One bill introduced by Rep. Debbie Stafford, an ordained minister and auctioneer from Arapahoe County, would require public libraries to put filters on any computers that children might use to access the Internet.

The filters would keep minors from material that is harmful to their beneficial development as responsible adults and citizens because it appeals to a prurient interest in nudity, sex, or excretion.

Another bill was introduced by Rep. Ted Harvey, a mortgage banker from Douglas County. It was inspired after he visited a Virgin Records store. Instead of finding virgins in the movie aisle, he found blatant triple-X-rated covers right there at eye level for any 5-year-old to see.

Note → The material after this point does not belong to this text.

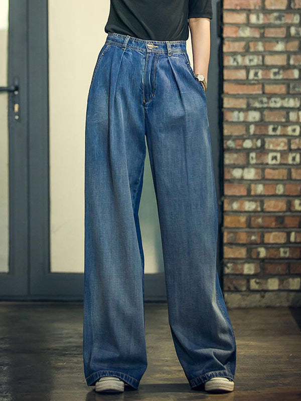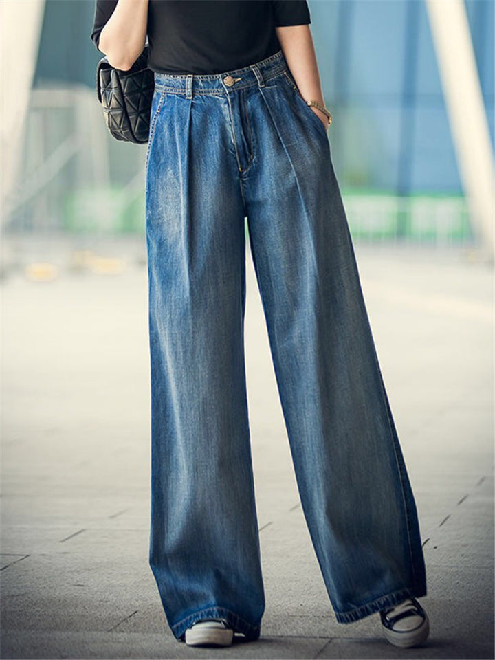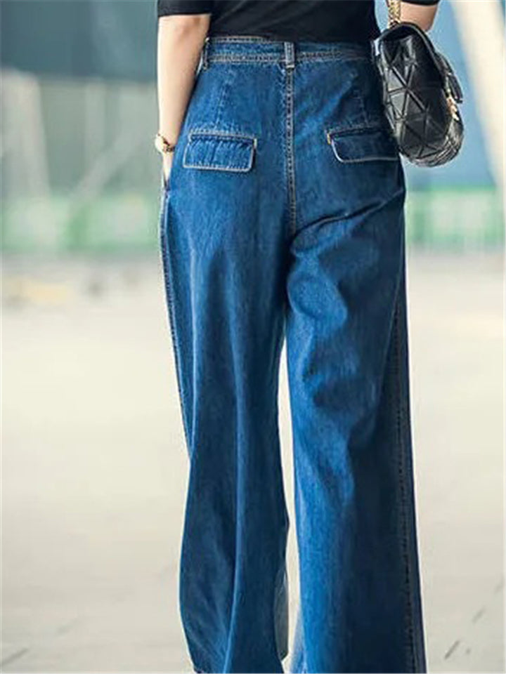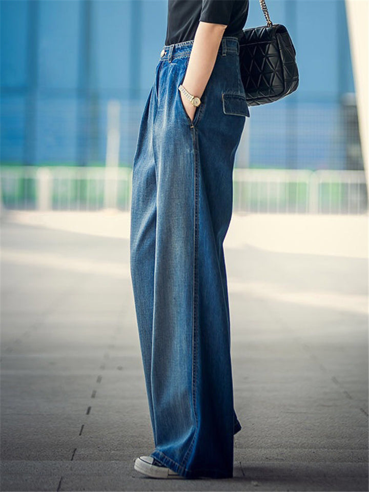 Women's Elegant High Waist Loose Wide Leg Blue Denim Pants

And so he sponsored a bill which makes it a crime for any person, in displaying in a commercial establishment any materials that are harmful to minors, to fail to take commercially feasible measures to prevent the display of the materials to minors.

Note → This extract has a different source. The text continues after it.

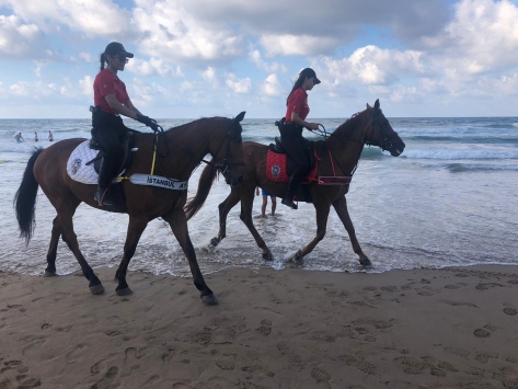 4 kişilik atlı tim ekibi, Ayazma ve Uzunkum plajlarında devriye yaparak denetimlerini sürdürüyor. Atlı polis timleri, merkeze uzak ve araç girişi olmayan noktalarda, asayiş olaylarının önüne geçmek için devriye görevi yapıyor. Atlı polisler vatandaşların yoğun ilgisiyle karşılaşıyor.

Harvey's bill then goes on to define what harms minors, and it's the same sort of stuff that Rep. Stafford wants blocked from children in libraries.

Have you seen a shred of evidence that minors are harmed by anything they might look at? But for sake of argument, let us assume that children really do suffer from such exposure, just as Reps. Stafford and Harvey claim.

In that case, our legislature has really fallen down on the job. since there's a lot more that should be hidden from the eyes of children.

We can start with our geography. Stafford and Harvey should take a road trip to Durango on one of these nice weekends. After they pass through Pagosa Springs, they will observe a natural prominence called Chimney Rock on the south side of Highway 160.

But no one I know has ever said it resembled a chimney. It looks more like what Rep. Harvey calls human male genitals in a discernibly turgid position.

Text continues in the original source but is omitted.